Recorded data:
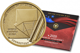 21 июля Монетный двор США (US Mint) начнёт продажу новой монеты в рамках серии Американские инновации (American Innovation). Очередной коллекционный доллар будет посвящён штату Коннектикут и усовершенствованной логарифмической линейке Джозефа Гербера (Joseph Gerber Variable Scale).
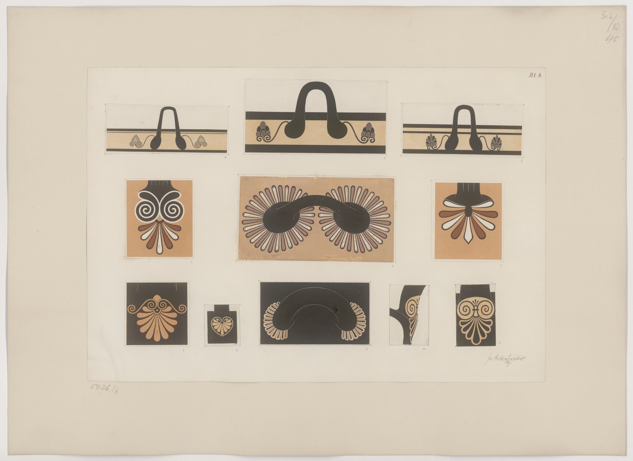 Stilkopie, Kopie eines Ornaments aus einem stilisierten Palmblatt in einer Herzform auf einem antiken Tongefäß von Rudolf Feldscharek, Rudolf Feldscharek, MAK Inv.nr. KI 5426-6-8
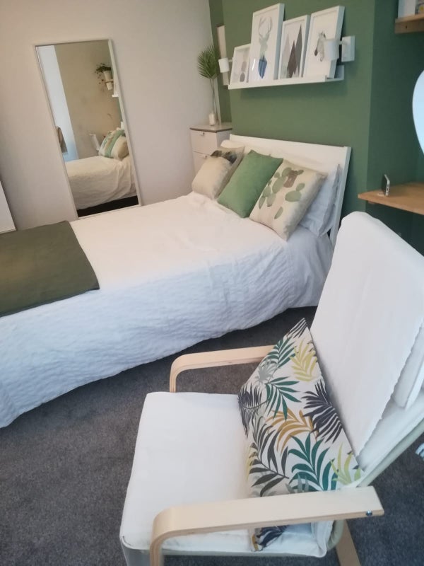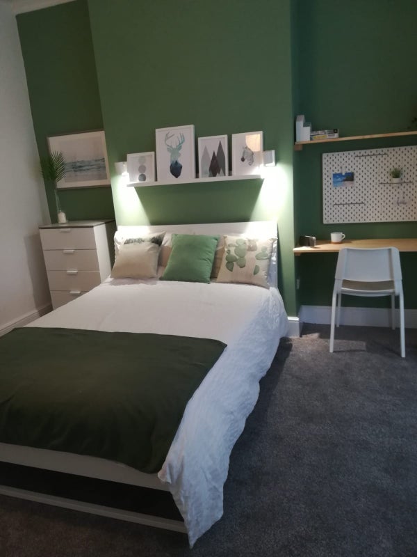 Room 1 - Large double, bay window, 425 per month. Deposit 425. Double bed, double wardrobe and chest of drawers. Desk.
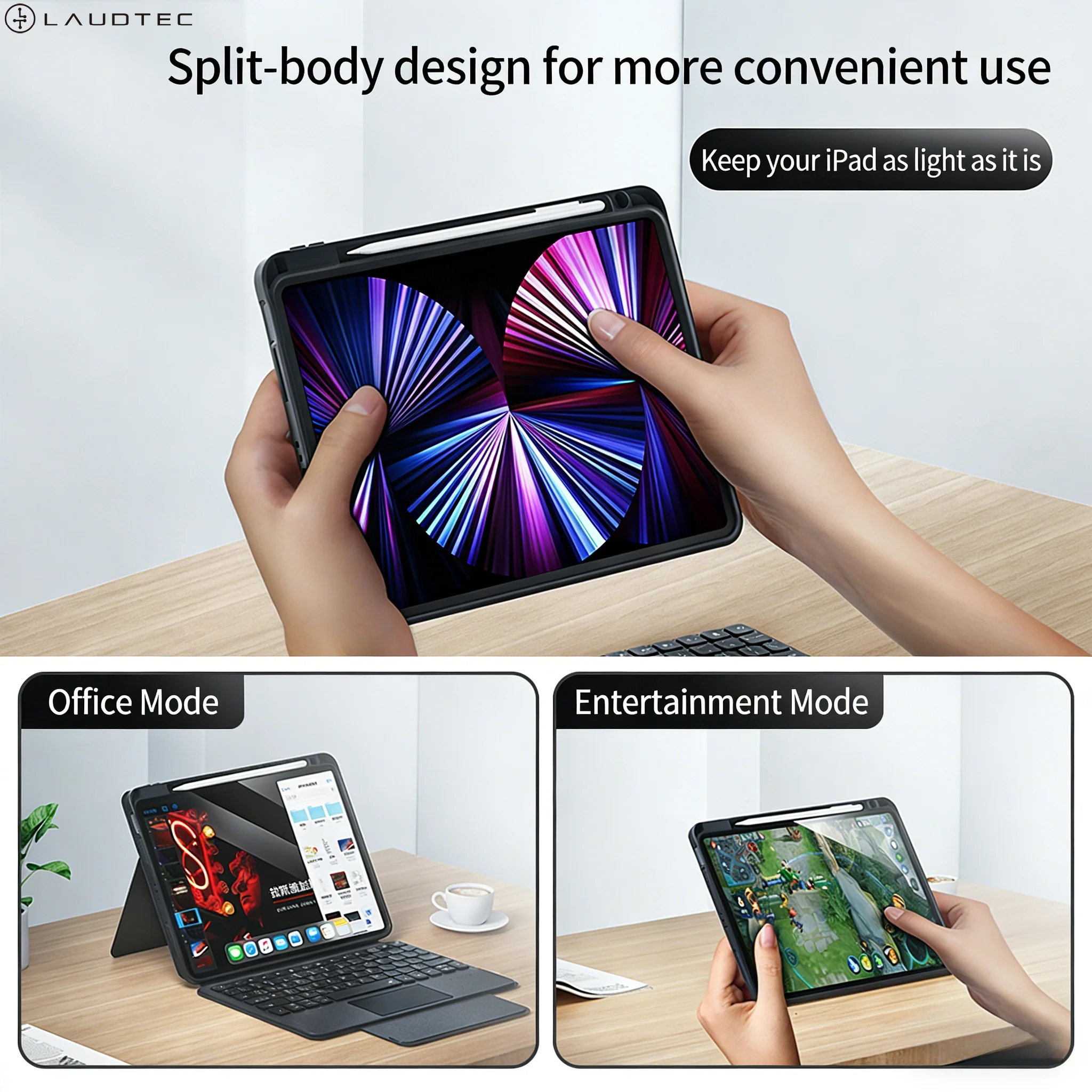 Magic Keyboard for iPad 10/11 Trackpad Stylus Holder Magic Gestures Portrait/landscape Support Sleep/wake Function Backlighting
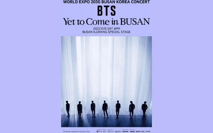 Le groupe ambassadeur de Busan pour cette candidature organise un gigantesque concert intitulé BTS <Yet to Come> in Busan. Ce show se déroulera à partir de 18h (11h heure de Paris) devant 100.000 fans tirés au sort sur une scène construite pour l’occasion, au nord de la ville. Il sera retransmis également sur grand écran au niveau de l’aéroport de Busan, devant 10.000 personnes. Ce concert gratuit sera également disponible gratuitement en streaming aux ARMYs du monde entier depuis les plateformes Weverse, ZEPETO et Naver Now. Une belle action de communication du groupe de K-pop le plus suivi sur Instagram pour la ville de Busan.
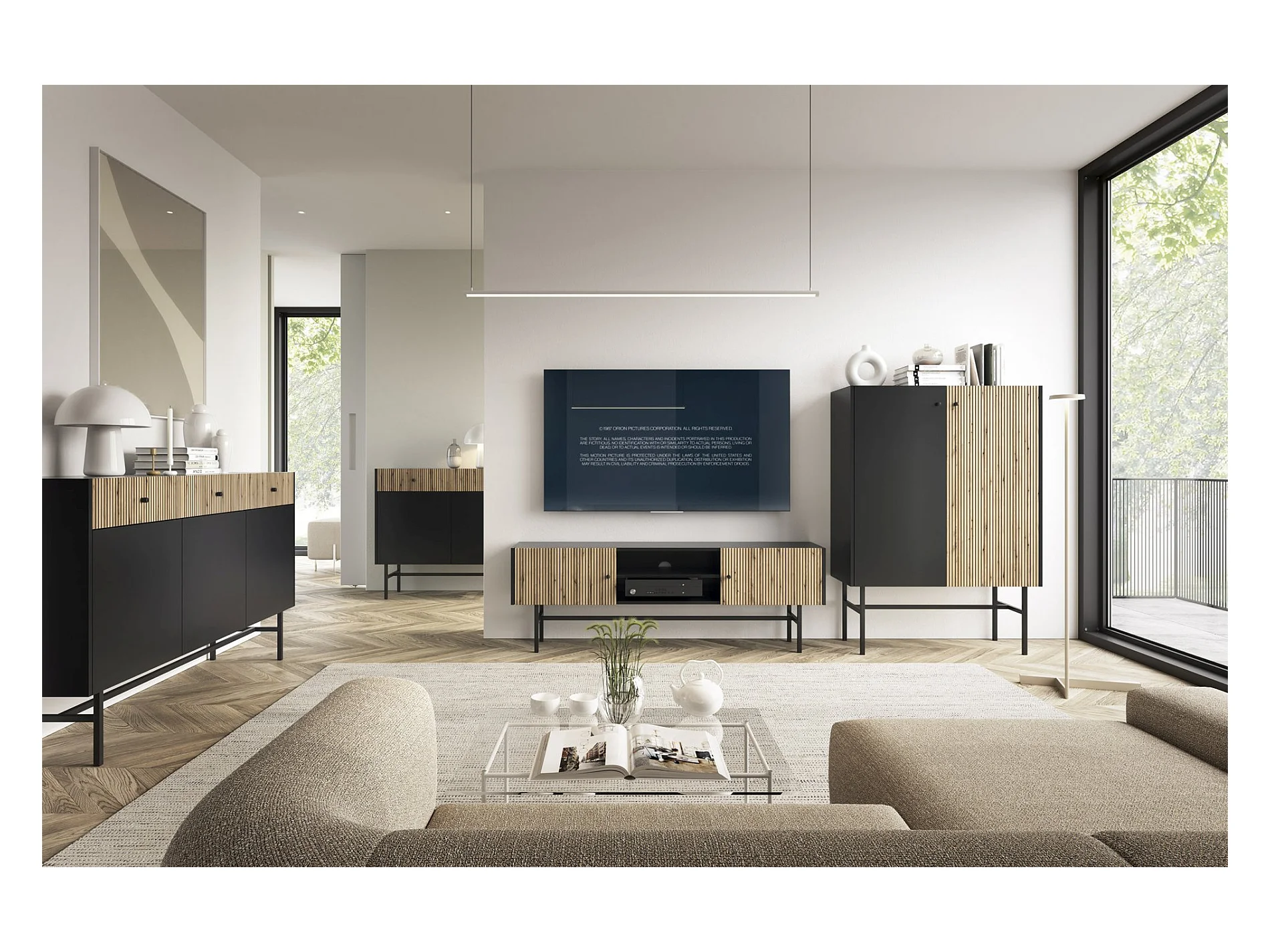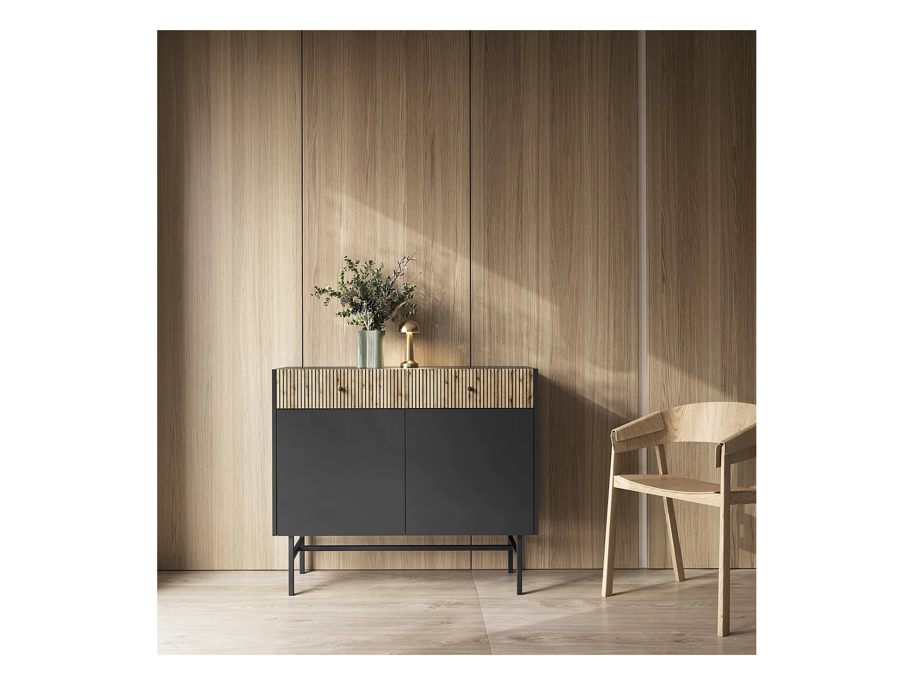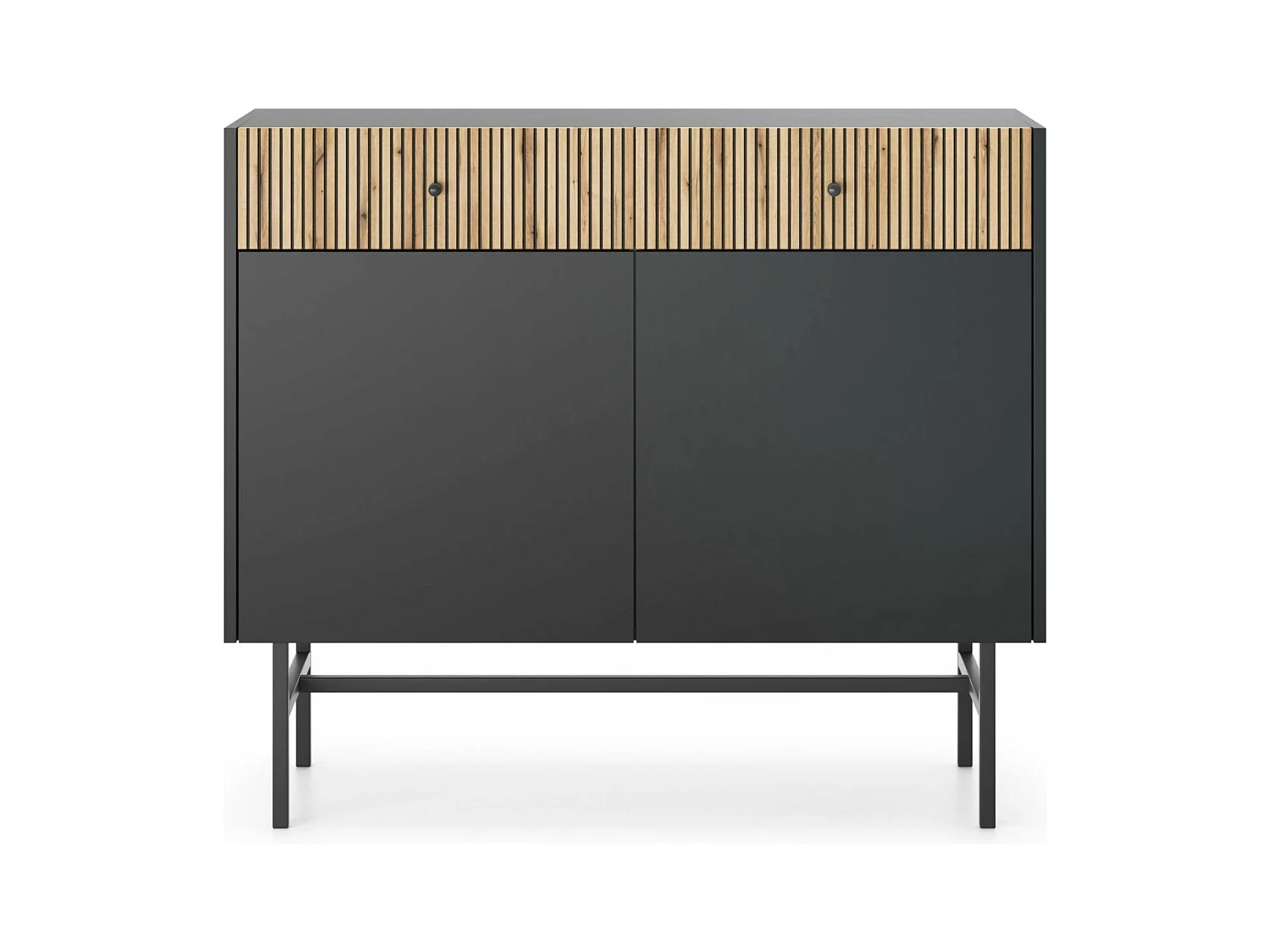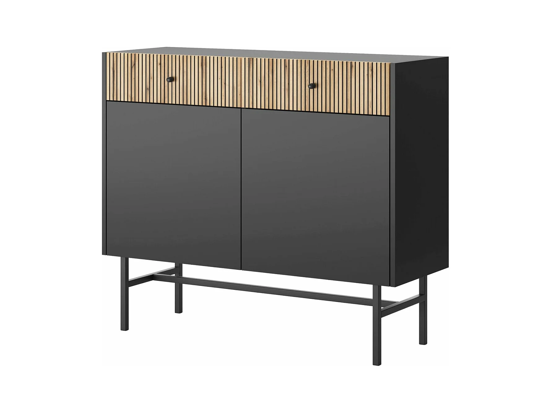 Sideboard 2-türig - Schwarz / Holzoptik Eiche - 104 cm - DIVENOS
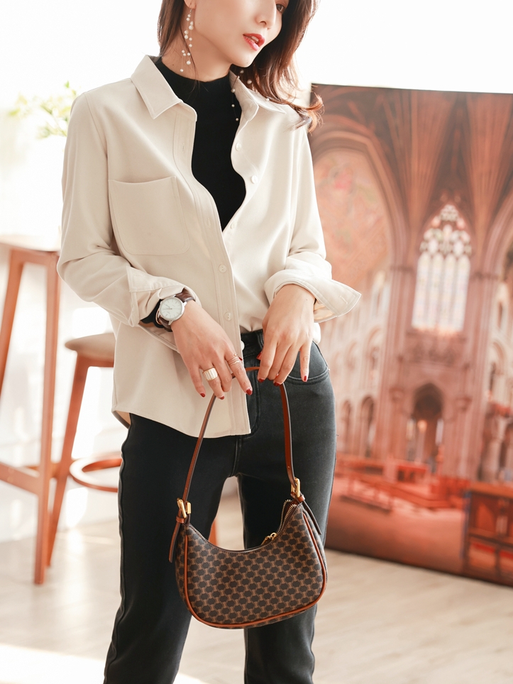 简约的高腰设计,搭配上修身的版型,上身显瘦又显高。

**Task requirements**
Reproduce each entry precisely, dropping only the pictures.

**Solved problem**
 21 июля Монетный двор США (US Mint) начнёт продажу новой монеты в рамках серии Американские инновации (American Innovation). Очередной коллекционный доллар будет посвящён штату Коннектикут и усовершенствованной логарифмической линейке Джозефа Гербера (Joseph Gerber Variable Scale).
 Stilkopie, Kopie eines Ornaments aus einem stilisierten Palmblatt in einer Herzform auf einem antiken Tongefäß von Rudolf Feldscharek, Rudolf Feldscharek, MAK Inv.nr. KI 5426-6-8
 Room 1 - Large double, bay window, 425 per month. Deposit 425. Double bed, double wardrobe and chest of drawers. Desk.
 Magic Keyboard for iPad 10/11 Trackpad Stylus Holder Magic Gestures Portrait/landscape Support Sleep/wake Function Backlighting
 Le groupe ambassadeur de Busan pour cette candidature organise un gigantesque concert intitulé BTS <Yet to Come> in Busan. Ce show se déroulera à partir de 18h (11h heure de Paris) devant 100.000 fans tirés au sort sur une scène construite pour l’occasion, au nord de la ville. Il sera retransmis également sur grand écran au niveau de l’aéroport de Busan, devant 10.000 personnes. Ce concert gratuit sera également disponible gratuitement en streaming aux ARMYs du monde entier depuis les plateformes Weverse, ZEPETO et Naver Now. Une belle action de communication du groupe de K-pop le plus suivi sur Instagram pour la ville de Busan.
 Sideboard 2-türig - Schwarz / Holzoptik Eiche - 104 cm - DIVENOS
 简约的高腰设计,搭配上修身的版型,上身显瘦又显高。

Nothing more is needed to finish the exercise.